I found some information on how to calculate the amount of clearance a valve needs at a certain lift in order to be mathematically un-shrouded. So after marking that out on a scrap head and shaping it in by hand, I used a ball peen hammer and some card stock to make a template. Which I transferred to a piece of MDF and made the actual routing template. The template is secured in place with 7/16" bolts through the head bolt holes with nuts on the back side.

Once they were roughed in with the router I just finished them in by hand with sanding rolls. Then I glued 220 paper to a sheet of glass and laid it on a 6" granite surface plate to flatten the deck surface. even though I've decided to build with better parts, I'm still doing as ,much as I can myself in order to keep the cost down.

And being mindful of how much material was coming off to not cause any timing issues, I zeroed a dial indicator on there valve cover surface and checked often as I flattened the head. Took me about 15 minutes per head and took only .0025" off to get it dead flat.

A valve seat grinder is on the way and I'm close to wrapping up the porting. More photos to come!

Brad

 

[NewEdge3V]

Back in business, guys and gals! I've been so buried I haven't had time to update this thread. I actually dyno'ed the car last weekend and made some great power. But we'll get to that. For now, here are some more build photos.

I decided to go with some new stainless valves and after a lot of reading and research, I found an article where Joe Mondello talked about how important throat ratio was on a street engine for low-mid lift flow, and decided that for the throat size that I arrived at after cleaning up the bowls, I needed oversized valves to keep the ratio correct. I definitely plan to track the car, but I didn't want it to be a turd in the lower RPM's. So, I ordered 1mm oversize, but when the seat grinder arrived and I started fitting the valves, I found the seat inserts weren't large enough to get that big a valve in there. I ended up putting these on the same grinder I used to face the old valves and cut the OD of the heads down, then refaced to get the margins right and touched up the back cuts.

I ended up doing a 4 angle job on the intake side and a 45º seat with radius bottom cut for the exhaust. The top cuts ended up being mostly in the aluminum which made for a fun time with the stones. A little WD-40 helped them not to load up so badly, though. Once I got into the rhythm of it I really enjoyed it.

This is the setup I came up with to make sure all the seats were the same height from the deck surface.

And a pointer to help guide me in the top and bottom cuts to keep everything nice and consistent.

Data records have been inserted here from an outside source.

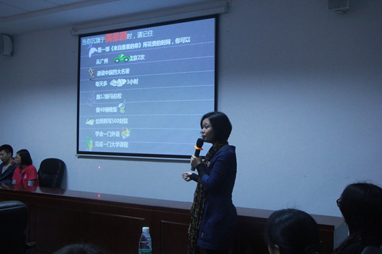 外语系2007届英语专业优秀员工邓媛媛师讲座中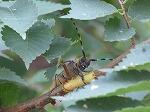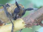 また、正門前のケヤキの枝に、色が変わっている部分があることに気付いて目を移していったところ、大型のカミキリムシ、クワカミキリを発見することができました。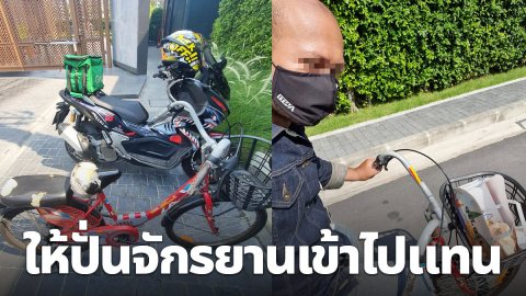 หนุ่มแกร็บสุดมึน เข้าไปส่งอาหารในหมู่บ้าน แต่ถูกบังคับให้ปั่นจักรยานเข้าไปแทน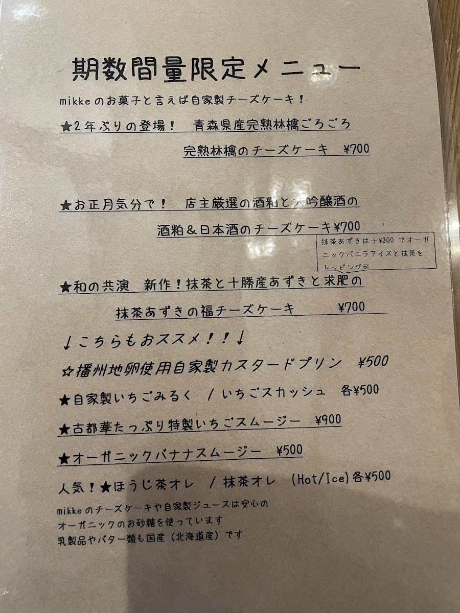 Welcome to cafe mikke Dolce amo, a delightful cafe nestled in the heart of Joto Ward, Osaka. Specializing in exquisite cheesecakes, this cafe impresses with its monthly rotating flavors, featuring seasonal ingredients sourced from local farms. Patrons rave about the rich combinations, such as the perfectly balanced sweet potato cheesecake and the ever-popular apple-infused version, both of which showcase a generous mix of chunky fruit.

Valves installed. I checked them by bounce, light, water and vacuum. Passed all tests and I have excellent compression now that the motor is together. Haven't done a leak-down test yet.

I had to grind every valve tip in order to get the correct amount of lash, but it was well worth it because the valve train is nice and quiet. One head ready to install.

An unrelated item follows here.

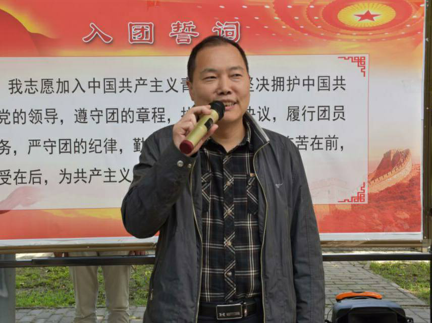 5月9日下午,我院“青春心向党·建功新时代”——纪念五四运动100周年示范主题团日活动在鄠邑校区逸夫工程楼旁举行。学院党委书记齐仲锋、学院团委书记和各年级辅导员老师,学院2018年新入团的团员,各班团支部委员代表、团员代表90余人参加了活动。

Time to start assembling the engine. Verifying bearing clearances with micrometer and bore gauge.

My shop made bolt stretch gauge. The tool expenses add up quick, so I opted to make as much of it myself as I could.

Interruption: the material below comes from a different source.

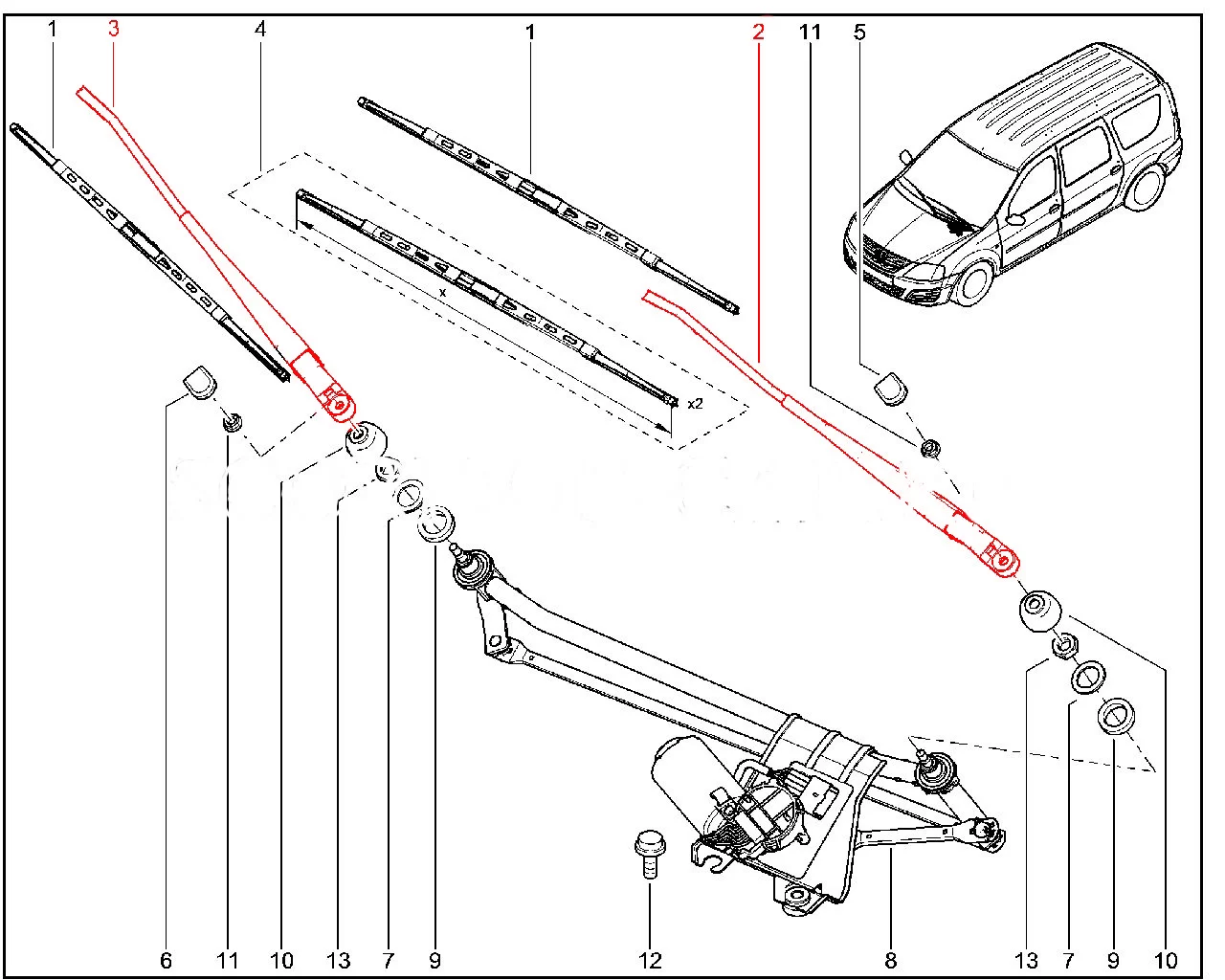 Штатный оригинальный рычаг стеклоочистителя для Lada Largus.

Beautiful Clevite bearings.

 

[NewEdge3V]

Almost forgot- I CC'd the chambers. All the care taken to get the valve seats in at the same height and the chambers opened up by template paid off. A .6cc variance across all 8 chambers. Smallest was 51.4, largest 52. This brought me to 11:1 compression ratio.

Okay- back to the engine. Rods and pistons assembled.

Rings filed.

Short block assembled.

I misplaced two of the cylinder head dowels, but with one cylinder head on I started timing the camshafts. I went with a 102º Intake Centerline. These are Comp Cams 127500 camshafts.

I made some new dowels after calling around to dealerships and having no luck and got the rest of the engine assembled. (I of course found the dowels while cleaning the shop last week.).

No-one makes a header for this engine in this car, so I opted to cut the flanges off my 2V headers and weld on some 3V flanges.

I had to re-route the No. 1 primary a little as it was hitting a boss on the cylinder head. So I stuck it in the car to make sure it wasn't going to interfere with anything else and tacked it in place. I've got about 1/4" clearance to the subframe rail.

 

[NewEdge3V]

Lightweight aluminum flywheel and RAM 11" clutch installed.

The t45 was shifting pretty rough last year, so I ordered up an overhaul kit from Hanlon Motorsports with the carbon fiber blocker rings. It shifts a whole lot better now.

Finally, the whole powertrain was sitting in the car.

I got to work on the wiring harness. There are a few connectors that need to be lengthened and relocated and also swapping fuel injector connectors. I laid the harness on the engine and plugged everything in that could be plugged in, then unwrapped it in an effort to keep everything straight, swapped the fuel injector connectors one-by-one, re-routed the cam sensor to the opposite bank, lengthened the TPS wiring, re-routed the IAC and temp sensor wiring, and taped it all back up. Easy work but also easy to get messed up. I accidentally had the 3&4 coil connectors swapped when I first tried to fire it up. Pulled up a schematic and start verifying wire colors and found the problem. Luckily they reached their respective homes and I didn't have to take the harness back apart again. And I numbered the connectors with a paint marker for next time it's apart.

It's necessary to use the 2V fuel rail pressure sensor, but it is too small for the 3V fuel rail. I machined up an adapter.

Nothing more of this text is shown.